In reality, there is very little evidence to support this “overpopulation” argument.
Kangaroos are a slow-growing, slow-reproducing animal, and their population growth is limited by the fact that females reproduce roughly once per year, and they have a high infant mortality rate, particularly during drought season. Population growth of kangaroos is 3-10% in good years, with up to 60% declines during drought.
Killing in the Night
The kangaroo industry is grossly underregulated, largely unmonitored. A 2009 report, ‘A Shot in the Dark, A Report on Kangaroo Harvesting’ concludes that the realities of the kangaroo industry reveal “extensive and alarmingly unhygienic practices, unacceptable suffering of young kangaroos and the manufacture of false hope that kangaroo harvesting will alleviate environmental degradation in rural areas.”
Emotional Lives of the Kangaroo
Kangaroos are extremely social and have been observed to suffer considerable trauma when one of their mob is injured or killed. The large males and females play a crucial role in the cohesion of the mob, as well as the protection of younger kangaroos.
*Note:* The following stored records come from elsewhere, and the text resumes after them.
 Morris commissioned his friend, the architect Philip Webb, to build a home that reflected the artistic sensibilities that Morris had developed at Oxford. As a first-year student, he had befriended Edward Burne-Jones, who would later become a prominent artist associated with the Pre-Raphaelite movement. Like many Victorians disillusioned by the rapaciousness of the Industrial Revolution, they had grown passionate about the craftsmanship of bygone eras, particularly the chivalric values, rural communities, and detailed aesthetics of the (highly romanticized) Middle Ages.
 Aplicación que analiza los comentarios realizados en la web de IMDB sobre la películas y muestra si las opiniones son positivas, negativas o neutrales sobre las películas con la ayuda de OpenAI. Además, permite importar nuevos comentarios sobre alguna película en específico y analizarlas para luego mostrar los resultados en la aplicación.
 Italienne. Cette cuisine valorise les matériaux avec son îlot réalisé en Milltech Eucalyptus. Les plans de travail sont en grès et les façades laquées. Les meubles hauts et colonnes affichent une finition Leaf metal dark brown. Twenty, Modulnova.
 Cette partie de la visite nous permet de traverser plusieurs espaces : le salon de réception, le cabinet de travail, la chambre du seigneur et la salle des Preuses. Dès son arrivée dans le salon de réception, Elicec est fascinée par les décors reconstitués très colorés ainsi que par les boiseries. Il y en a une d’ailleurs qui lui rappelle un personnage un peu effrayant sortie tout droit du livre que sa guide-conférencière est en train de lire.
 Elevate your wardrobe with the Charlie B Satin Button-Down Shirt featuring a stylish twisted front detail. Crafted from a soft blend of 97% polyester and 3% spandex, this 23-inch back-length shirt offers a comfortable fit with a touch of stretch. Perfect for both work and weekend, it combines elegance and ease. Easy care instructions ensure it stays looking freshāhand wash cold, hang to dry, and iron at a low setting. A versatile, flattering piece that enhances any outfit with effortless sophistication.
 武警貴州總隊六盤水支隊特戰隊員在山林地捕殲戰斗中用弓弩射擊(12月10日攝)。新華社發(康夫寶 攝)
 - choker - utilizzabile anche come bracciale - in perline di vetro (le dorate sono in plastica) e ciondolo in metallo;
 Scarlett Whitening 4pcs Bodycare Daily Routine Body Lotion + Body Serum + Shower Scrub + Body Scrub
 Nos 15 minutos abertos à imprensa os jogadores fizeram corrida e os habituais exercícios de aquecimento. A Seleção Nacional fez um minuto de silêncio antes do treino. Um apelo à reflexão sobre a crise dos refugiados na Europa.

When these dominant kangaroos are killed, the mob loses its leaders, causing irreversible long-term damage to the future survival and welfare of the mob.
Ends Justify the Means?
Contrary to popular belief, Australia is not swarming with kangaroos, and should be very careful about blanket statements of plague kangaroo populations, because it certainly does not represent the overall picture. The legitimacy of the justifications presented by kangaroo industry advocates is questionable, at best, with perceptions of kangaroos as a pest species being highly inflated.
Irrespective of widespread propaganda, the fundamental basis for which Australia carries out its night-time slaughter of its most beloved kangaroos is cruel, unnecessary and shrouded in secrecy.